Composing Schema Mappings: Second-Order Dependencies to the Rescue

Authors: 
Fagin, R.; Kolaitis, P.G.; Popa, L.; Tan, W.C.
Author: 
Fagin, R
Kolaitis, P
Popa, L
Tan, W
Year: 
2004
Venue: 
PODS 2004, TODS 2005
URL: 
http://www.almaden.ibm.com/cs/people/fagin/compose.pdf
DOI: 
http://doi.acm.org/10.1145/1114244.1114249
Citations: 
252
Citations range: 
100 - 499
AttachmentSize
Fagin2004ComposingSchemaMappings.pdf486.39 KB

A schema mapping is a specification that describes how data structured under one schema (the
source schema) is to be transformed into data structured under a different schema (the target
schema).
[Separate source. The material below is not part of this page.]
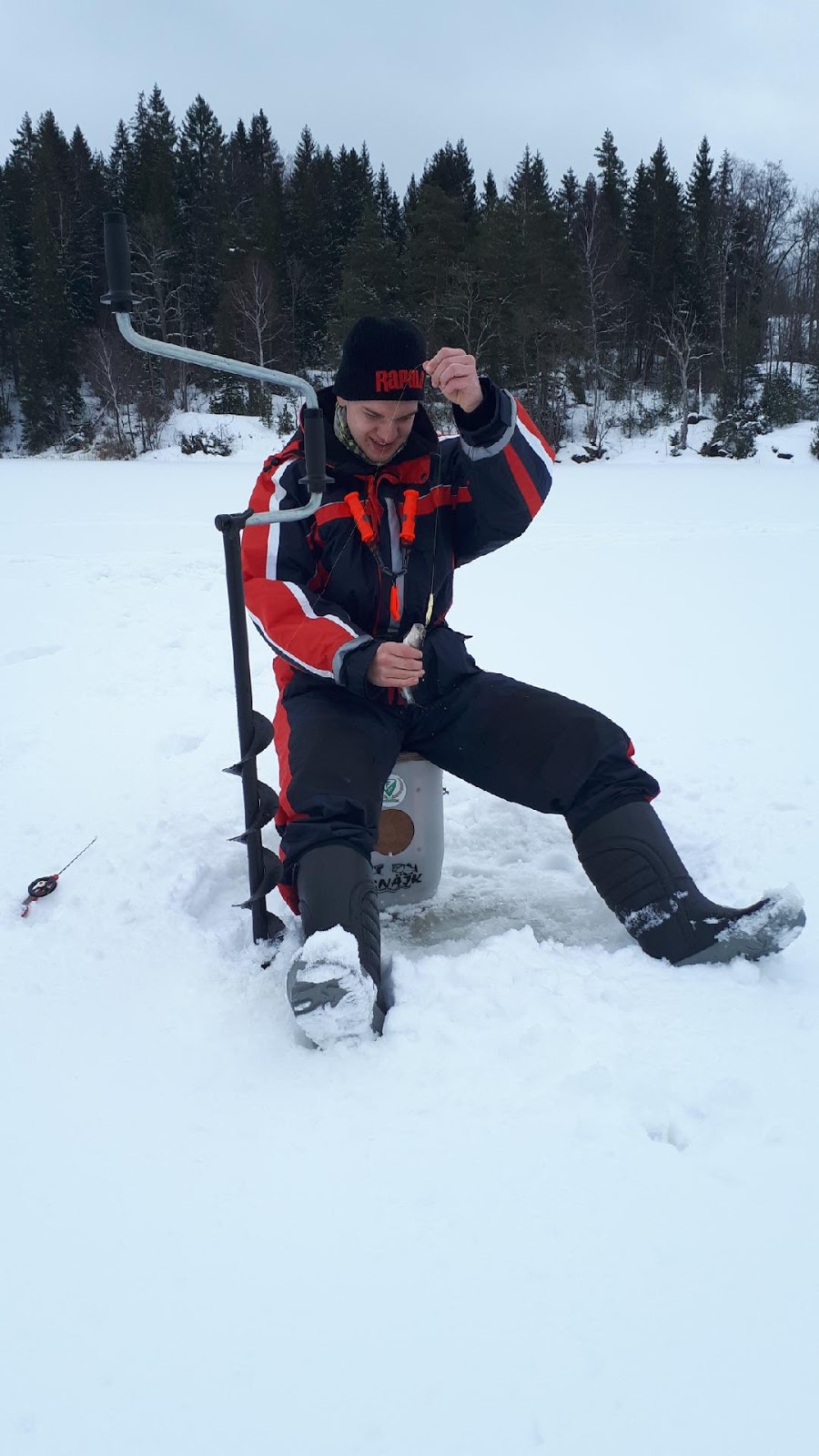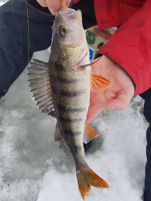 Har varit dött en lång tid nu på bloggen men det beror helt enkelt på att det inte har fiskats på hela vintern. Men i söndags var det äntligen dags igen och abborrarna var riktigt på hugget. När vi väl hittade dom högg det i dom flesta hålen. Har fått en abborre på pimpel som vägde 1,2 kg på den här platsen, men nu fick vi nöja oss med toppfiskar runt 300g.

A fundamental problem is composing schema mappings: given two successive schema
mappings, derive a schema mapping between the source schema of the first and the target schema
of the second that has the same effect as applying successively the two schema mappings.
In this paper, we give a rigorous semantics to the composition of schema mappings and investigate
the definability and computational complexity of the composition of two schema mappings.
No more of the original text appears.